→ **Task to complete**
Copy the records below exactly, starting at the line that contains "Pop It Phone" and ending at the line that contains "42 Ⅲ. 생태통로 조사·평가"; leave out any pictures.

━━━ Extracted records ━━━

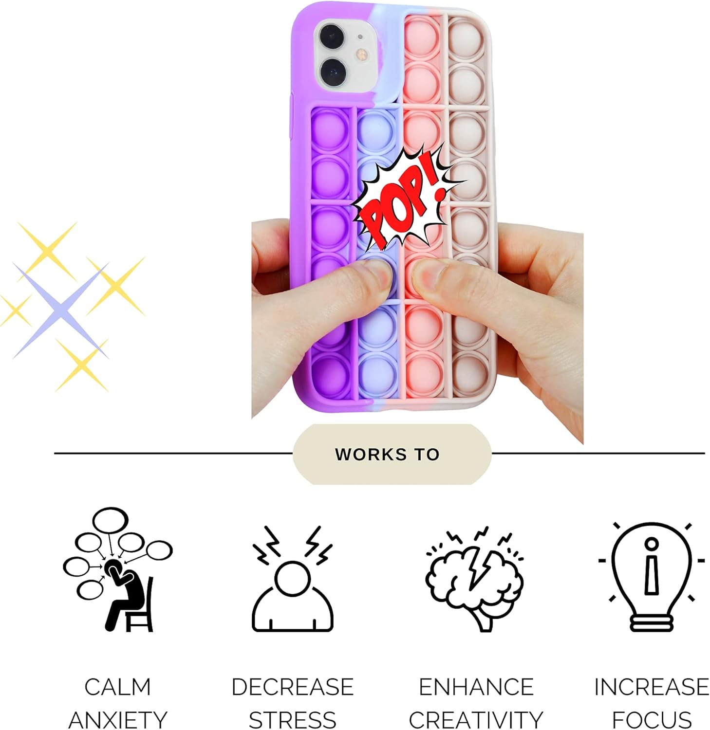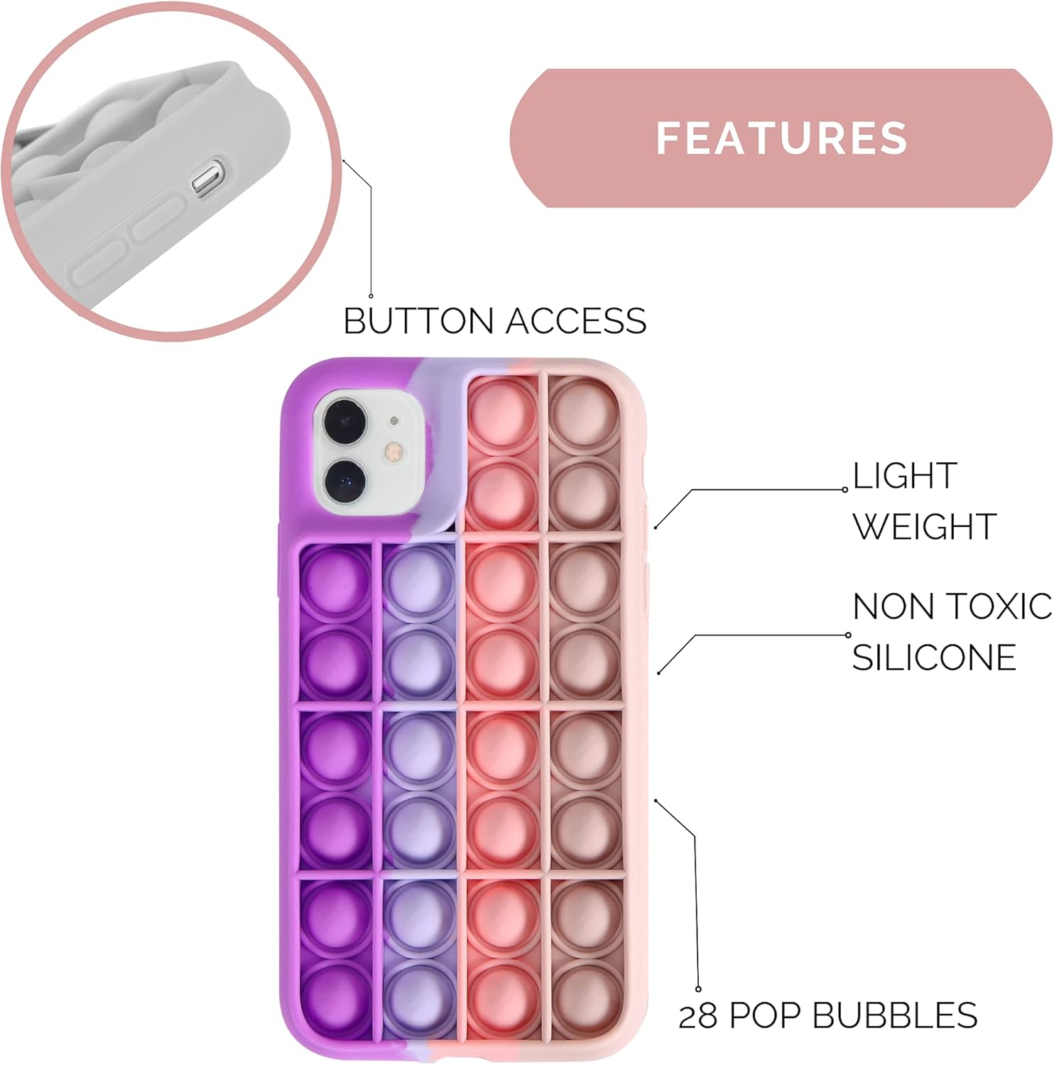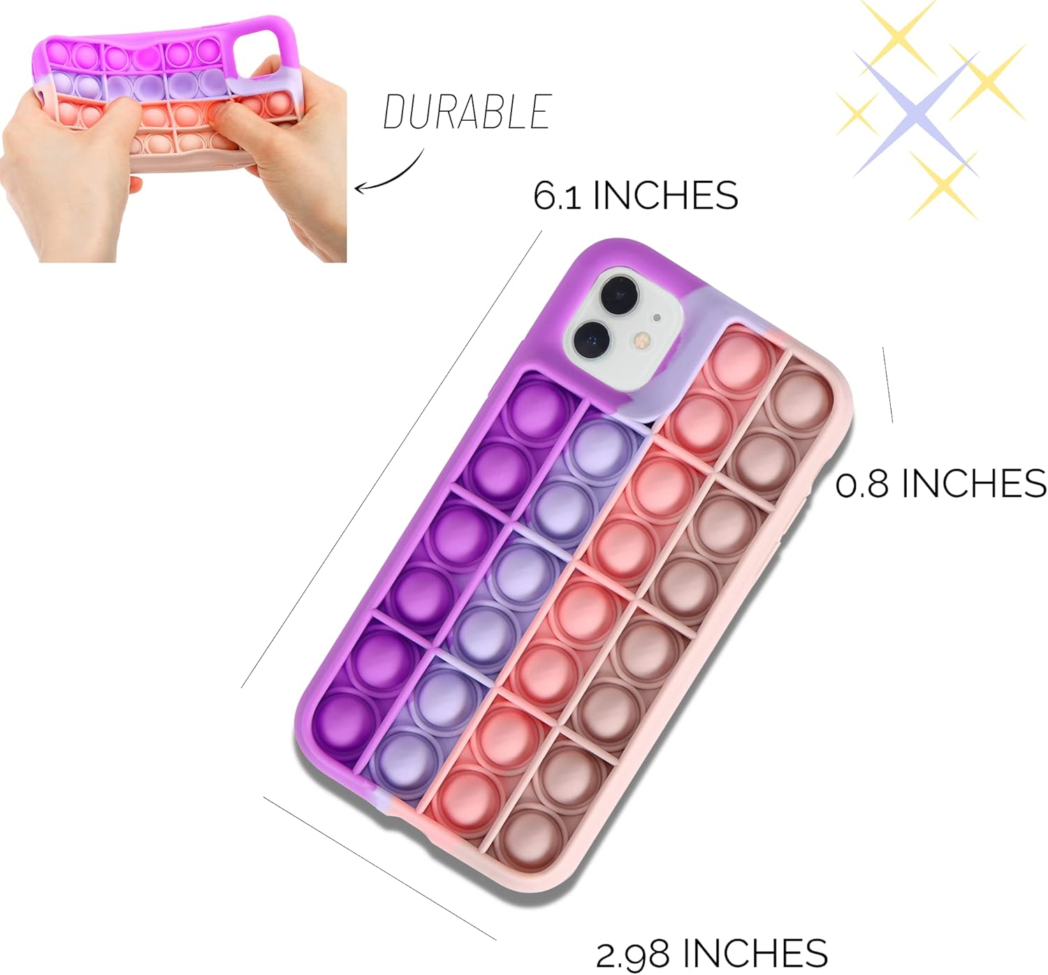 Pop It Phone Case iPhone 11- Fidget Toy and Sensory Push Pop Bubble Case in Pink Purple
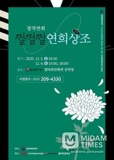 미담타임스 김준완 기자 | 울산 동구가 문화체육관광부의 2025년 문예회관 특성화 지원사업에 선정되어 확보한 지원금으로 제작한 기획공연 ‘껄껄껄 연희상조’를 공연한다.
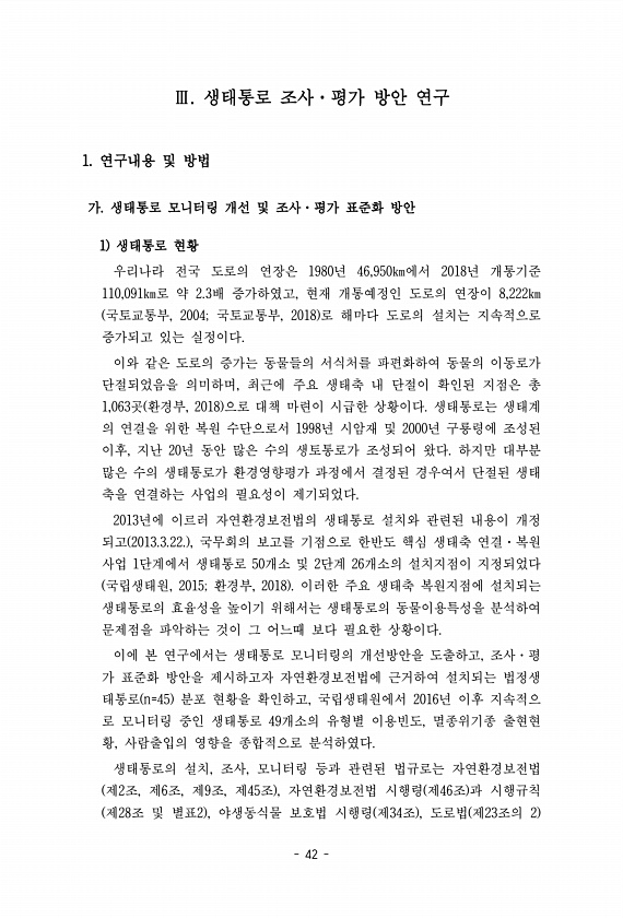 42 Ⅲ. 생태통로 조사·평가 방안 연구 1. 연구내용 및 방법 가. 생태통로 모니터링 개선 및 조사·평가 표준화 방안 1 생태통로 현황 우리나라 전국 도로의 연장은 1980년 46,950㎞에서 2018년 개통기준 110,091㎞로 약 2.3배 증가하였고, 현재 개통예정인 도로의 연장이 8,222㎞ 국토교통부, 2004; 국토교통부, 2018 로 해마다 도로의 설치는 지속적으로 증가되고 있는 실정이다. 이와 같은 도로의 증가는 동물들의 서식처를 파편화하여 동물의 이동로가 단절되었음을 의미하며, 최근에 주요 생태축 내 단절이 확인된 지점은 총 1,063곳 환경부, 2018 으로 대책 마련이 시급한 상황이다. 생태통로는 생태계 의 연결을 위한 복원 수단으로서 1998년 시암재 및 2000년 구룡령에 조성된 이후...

━━━
━━━ Extracted records ━━━

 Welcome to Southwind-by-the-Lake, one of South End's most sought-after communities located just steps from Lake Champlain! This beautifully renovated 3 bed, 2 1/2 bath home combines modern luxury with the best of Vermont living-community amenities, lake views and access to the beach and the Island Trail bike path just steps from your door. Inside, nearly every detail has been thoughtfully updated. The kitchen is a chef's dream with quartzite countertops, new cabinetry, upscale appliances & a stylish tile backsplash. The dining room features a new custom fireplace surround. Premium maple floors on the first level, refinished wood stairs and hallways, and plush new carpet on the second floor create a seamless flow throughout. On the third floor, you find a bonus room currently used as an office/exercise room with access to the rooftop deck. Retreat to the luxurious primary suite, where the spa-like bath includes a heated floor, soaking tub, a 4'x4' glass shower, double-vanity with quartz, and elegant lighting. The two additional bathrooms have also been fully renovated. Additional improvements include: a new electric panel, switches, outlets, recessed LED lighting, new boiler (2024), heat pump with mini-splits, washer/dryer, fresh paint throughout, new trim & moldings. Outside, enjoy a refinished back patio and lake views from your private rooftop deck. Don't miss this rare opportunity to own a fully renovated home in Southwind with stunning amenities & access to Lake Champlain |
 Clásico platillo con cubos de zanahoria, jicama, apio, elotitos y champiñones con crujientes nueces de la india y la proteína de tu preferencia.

━━━

→ **Answer area**
 Pop It Phone Case iPhone 11- Fidget Toy and Sensory Push Pop Bubble Case in Pink Purple
 미담타임스 김준완 기자 | 울산 동구가 문화체육관광부의 2025년 문예회관 특성화 지원사업에 선정되어 확보한 지원금으로 제작한 기획공연 ‘껄껄껄 연희상조’를 공연한다.
 42 Ⅲ. 생태통로 조사·평가 방안 연구 1. 연구내용 및 방법 가. 생태통로 모니터링 개선 및 조사·평가 표준화 방안 1 생태통로 현황 우리나라 전국 도로의 연장은 1980년 46,950㎞에서 2018년 개통기준 110,091㎞로 약 2.3배 증가하였고, 현재 개통예정인 도로의 연장이 8,222㎞ 국토교통부, 2004; 국토교통부, 2018 로 해마다 도로의 설치는 지속적으로 증가되고 있는 실정이다. 이와 같은 도로의 증가는 동물들의 서식처를 파편화하여 동물의 이동로가 단절되었음을 의미하며, 최근에 주요 생태축 내 단절이 확인된 지점은 총 1,063곳 환경부, 2018 으로 대책 마련이 시급한 상황이다. 생태통로는 생태계 의 연결을 위한 복원 수단으로서 1998년 시암재 및 2000년 구룡령에 조성된 이후...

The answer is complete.